Data:

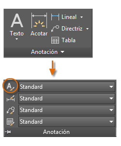 Al igual que otros elementos de anotación, el texto de líneas múltiples proporciona una gran cantidad de parámetros. Puede guardar estos parámetros como un estilo de texto mediante el comando ESTILO y, a continuación, acceder a los estilos de texto haciendo clic en la flecha de la lista desplegable del grupo Anotación. El estilo de texto actual se muestra en la parte superior de la lista desplegable.
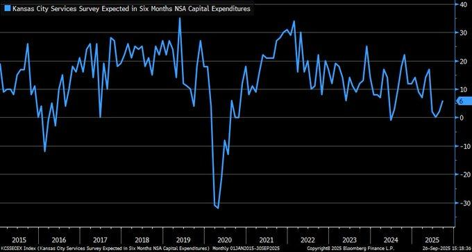 Current data from the Kansas City Fed’s September 2025 survey indicates a steady increase in the six-month capital spending (capex) forecast of service businesses, yet below the pre- and post-pandemic average. This is an indication that although a recovery trajectory is ongoing in the economy, it is cautious given that businesses remain apprehensive about supply chain interruptions on a global scale and wider market fluctuations. Since 2020, the capex forecast as a leading indicator of prospective business investment has remained muted, indicating a wait-and-see stance by businesses. This might mean that businesses are giving strategic priority to short-term survival and business stability rather than long-term business prospect development as they contend with ongoing uncertainties in the global economy.
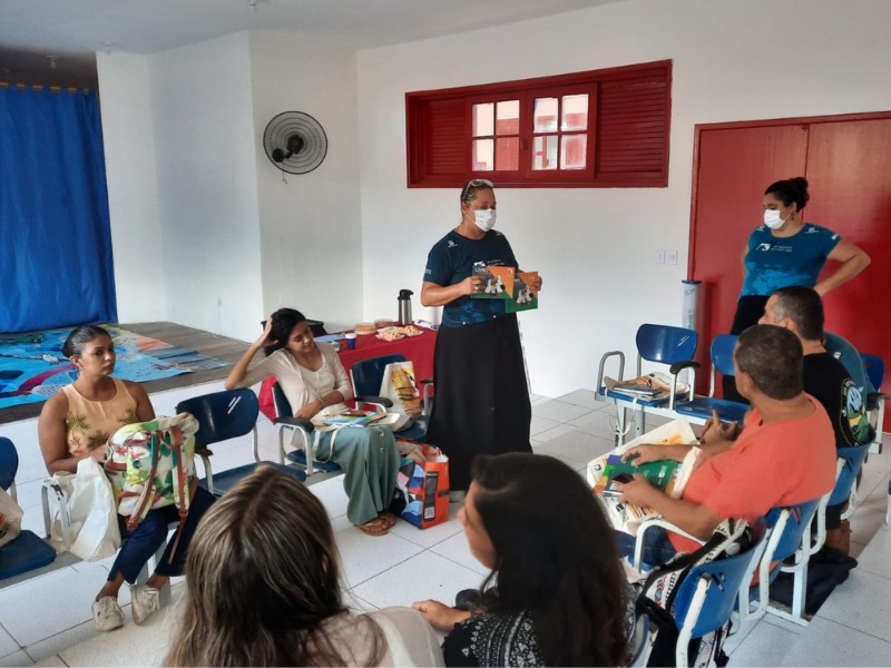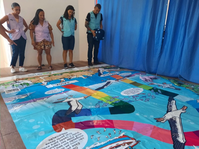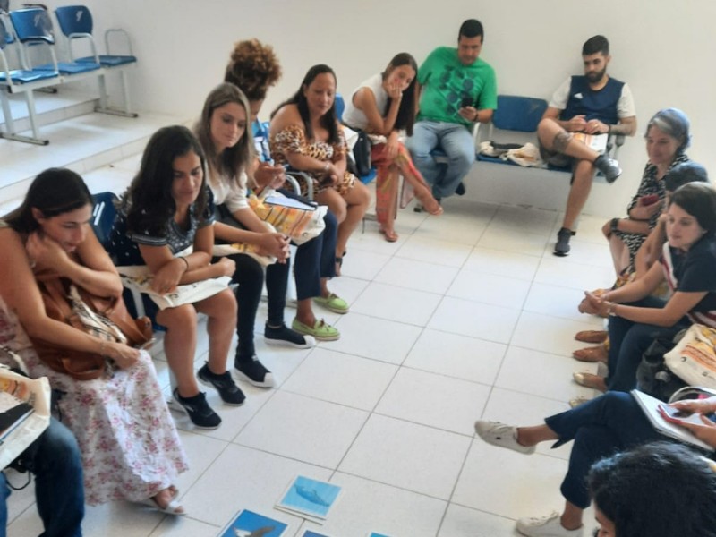 O primeiro encontro com o grupo de educadores de Arraial do Cabo (RJ) teve o objetivo de apresentar a iniciativa da Maleta Albatroz, dando a eles a chance de experimentar os materiais sob a orientação da equipe de educação ambiental, discutir dúvidas e sugestões, além de refletirem sobre como é possível criar novas formas de aplicar atividades sobre o tema com os estudantes.
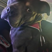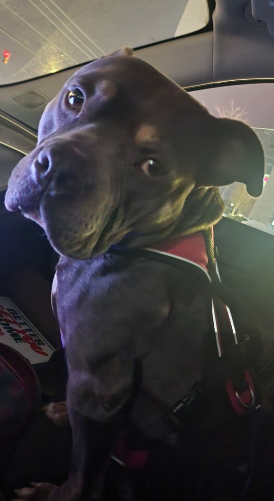 MALE pit mix. Very well kept. Nails trimmed and didn’t seem like he was out for very long. He has some dark spots on him. Found with a bright pink reflective harness.

Task details: Only the lines from the one containing "O primeiro encontro" through the last line of the material should be returned, exactly and without pictures.

Your response:
 O primeiro encontro com o grupo de educadores de Arraial do Cabo (RJ) teve o objetivo de apresentar a iniciativa da Maleta Albatroz, dando a eles a chance de experimentar os materiais sob a orientação da equipe de educação ambiental, discutir dúvidas e sugestões, além de refletirem sobre como é possível criar novas formas de aplicar atividades sobre o tema com os estudantes.
 MALE pit mix. Very well kept. Nails trimmed and didn’t seem like he was out for very long. He has some dark spots on him. Found with a bright pink reflective harness.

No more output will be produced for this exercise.